Fresher interviews assess fit, attitude, and potential more than deep experience. Recruiters want to see: Can you communicate? Are you motivated? Do you learn quickly? Here's how to prepare for the most common questions.
Tell me about yourself: This is your 2-minute pitch. Structure: (1) Who you are — 30 sec: 'I'm [Name], recently graduated from [College] in [Branch].' (2) What you've done — 60 sec: 'My key project was [X] where I [achievement with number]. I also did an internship at [Y] where I [contribution].' (3) Why you're here — 30 sec: 'I'm excited about this role because [specific reason — product, tech stack, growth].' Practice until it flows naturally.
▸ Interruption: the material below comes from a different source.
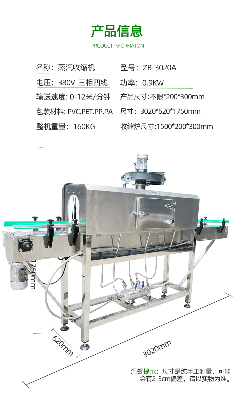 節(jié)能環(huán)保特點(diǎn):通過精確的蒸汽控制和高效的隔熱措施,機(jī)器在保證良好收縮效果的同時(shí),能夠有效節(jié)約能源。與一些傳統(tǒng)的包裝方式相比,蒸汽收縮包裝減少了包裝材料的浪費(fèi),并且蒸汽可以循環(huán)利用,降低了生產(chǎn)成本和對環(huán)境的影響。

Don't recite your resume line by line.
Why this company? Show you've researched. Mention: a product you've used, recent funding/news, their mission, or a specific team/tech. Bad: 'It's a good company.' Good: 'I've used Razorpay's checkout and was impressed. I want to work on payments infrastructure.'
Strengths and weaknesses: For strengths, pick one aligned with the role (problem-solving for tech, communication for sales). Give one example. For weaknesses, use a real one + how you're improving. Example: 'I used to overcommit. I've started using a task list and saying no to non-priority items.'
Where do you see yourself in 5 years? Show ambition but align with the role. 'I want to grow into a senior developer role, eventually leading projects. I'm excited to learn from this team.'
Salary expectation: Give a range from research (AmbitionBox, Glassdoor). 'Based on my research, I'm looking at ₹X-Y for this role. I'm flexible based on the total package and growth opportunity.'
Any questions for us? Always have 2-3: 'What does success look like in the first 6 months?' 'How is the team structured?' 'What do you enjoy most about working here?'
Behavioral questions ('Tell me about a time...'): Use STAR: Situation (context), Task (your responsibility), Action (what you did), Result (outcome with number). Prepare 2-3 stories from projects, internships, or college.